Briar Rose

The Gazebo

Lighthouse Cove

Magic

The Mother's Day Garden

 
The Wedding Dress
by Kimberly Cates
(HQN, $6.99, PG-13) ISBN 0-373-77189-4
****
These days it seems that many romances put too much emphasis on the plot or the adventure or the conflict that provides the frame for the novel and too little on the romance itself.  The Wedding Dress by Kimberly Cates turns that trend on its ear and delivers a sweet, character-focused tale that leaves the reader breathing a happy little sigh of contentment.  

Movie star Emma McDaniel is given the chance of a lifetime when she is signed to play the role of plucky medieval heroine, Lady Aislinn.  In order to prepare for and fully immerse herself in the character, Emma travels to Scotland to an archealogical dig on the site of Lady Aislinn's castle home of Craigmorrigan.  While at the site, she will be in the keeping of Dr. Jared Butler, the site director, who will help her learn all she needs to know about portraying the Scottish heroine. 

For Emma, the role represents not only an escape from the tabloid hell that surrounds her, but also a chance to break away from the action-movie-star typecasting now limiting her career.  First, however, she must overcome Dr. Butler's preconceptions and obvious prejudices.  He's prepared to dislike her from the start, and only gradually is Emma able to prove that there's more to her personality and persona than publicity would suggest.   

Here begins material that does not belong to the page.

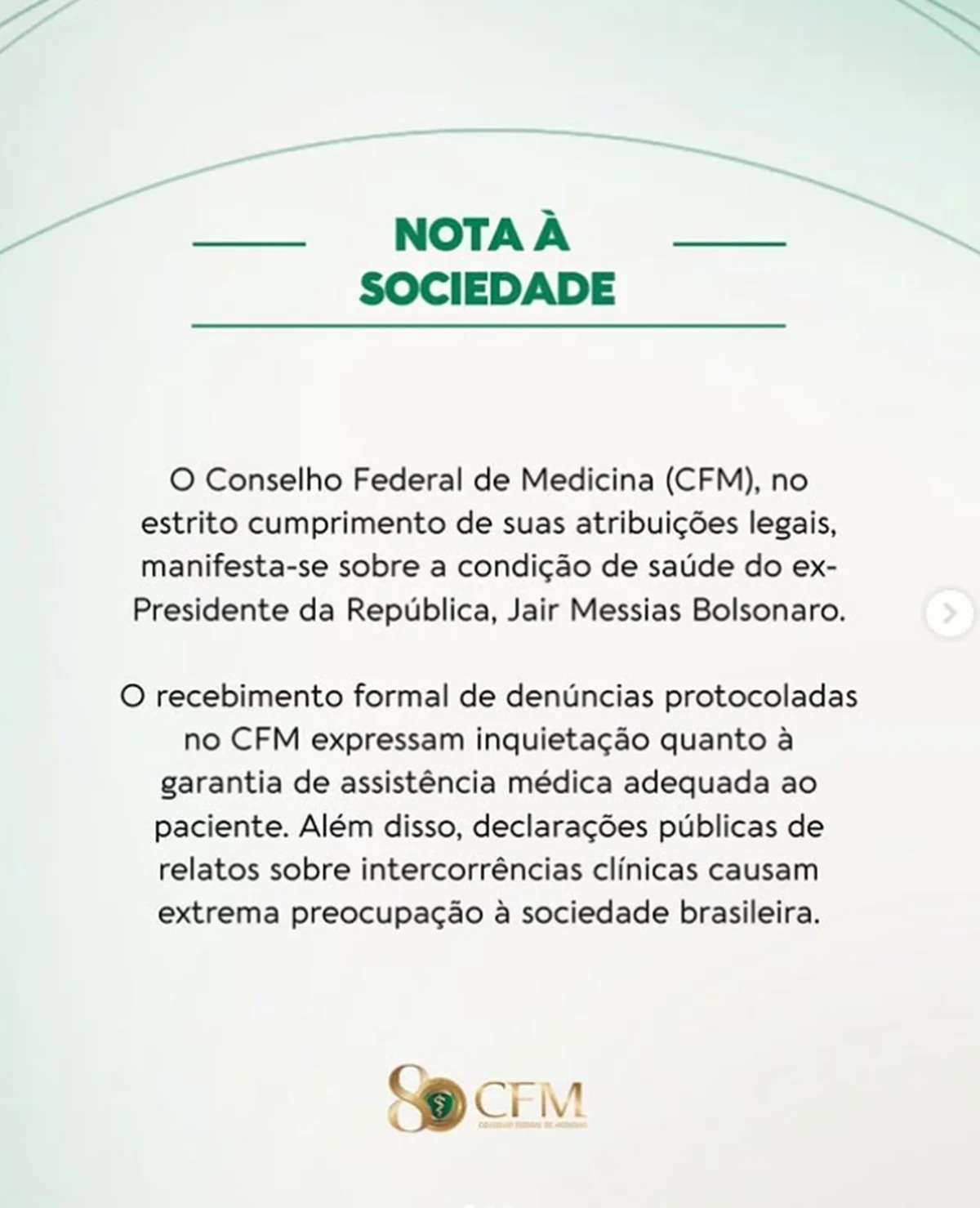 O CFM publicou, nesta quarta-feira (7/1), nota informando que determinou ao Conselho Regional de Medicina do Distrito Federal (CRM-DF) a instauração de sindicância para apuração da condução do caso em que o ex-presidente Jair Bolsonaro caiu e bateu a cabeça, na Superintendência da Polícia Federal, onde cumpre pena.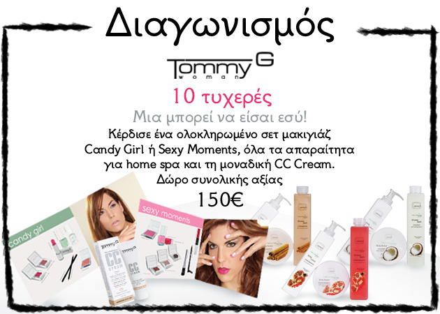 Ο διαγωνισμός της Tommy G έφτασε στο τέλος του! Η συμμετοχή σας ήταν πολύ μεγάλη και σας ευχαριστούμε γι’ αυτό! Και σήμερα, θα φτιάξουμε την μέρα σε 10 κορίτσια καθώς θα κερδίσουν από ένα σετ περιποίησης σώματος, μακιγιάζ αλλά και την αγαπημένη μας CC cream, το καθένα συνολικής αξίας €150 (δες εδώ περισσότερες λεπτομέρειες για τα δώρα).

There is much to like about The Wedding Dress.  The author has a smooth and fluid style of writing that sweeps the reader along and keeps the story moving.  Emma and Jared are introduced quickly, and Cates is smart about parceling out little tidbits of their backstories so that the reader is intrigued and always wanting just a little bit more.  There's an air of mystery that surrounds both, as the reader realizes instinctively that there's more to each than the other would suspect.  The sexual tension between the characters is believable from the beginning, and their gradual thawing toward one another is timed well.  By the story's end, I was willing to believe that Emma and Jared had found happiness with one another and would be able to continue to work through whatever obstacles came their way.  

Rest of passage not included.